● **PROVIDED MATERIAL**

-=-=-

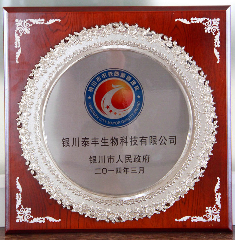 2014年百瑞源(当时名为银川泰丰生物科技有限公司)荣获银川市市长质量管理奖
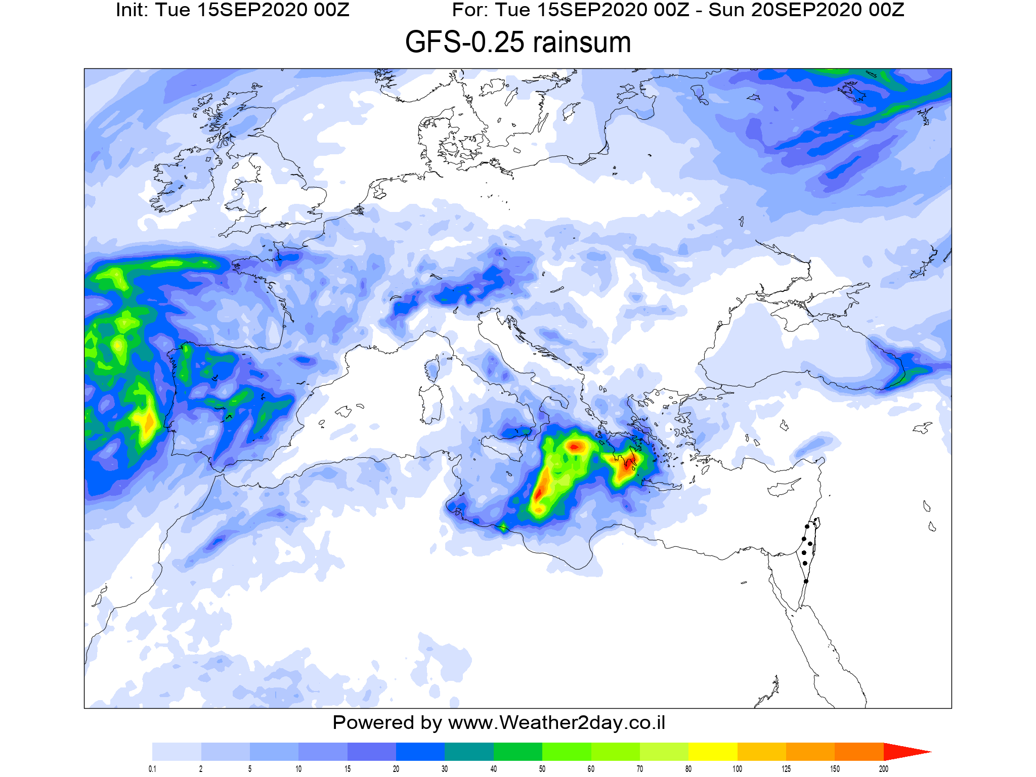 צפי המשקעים לחמישה ימים הבאים, GFS 0.25
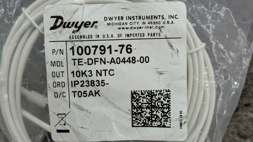 New Dwyer 100791-79 Air Duct Temp 4" Sensor Plenum Cable - TE-DFN-B0448-00
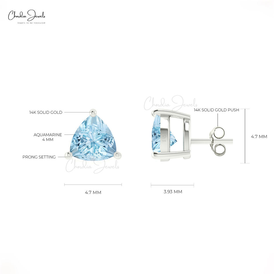Boucles d'oreilles à clous en or blanc massif 14 carats, très vendues, avec pierres précieuses naturelles en aquamarine de 0,5 carat, faites à la main, bijoux pour femmes

-=-=-

● **EXERCISE**
Please copy the lines above, starting at the one that holds "צפי המשקעים לחמישה ימים הבאים, GFS 0.25" and stopping after the last line, exactly as they appear and minus the pictures.

● **RESULT FOR THIS TASK**
 צפי המשקעים לחמישה ימים הבאים, GFS 0.25
 New Dwyer 100791-79 Air Duct Temp 4" Sensor Plenum Cable - TE-DFN-B0448-00
Boucles d'oreilles à clous en or blanc massif 14 carats, très vendues, avec pierres précieuses naturelles en aquamarine de 0,5 carat, faites à la main, bijoux pour femmes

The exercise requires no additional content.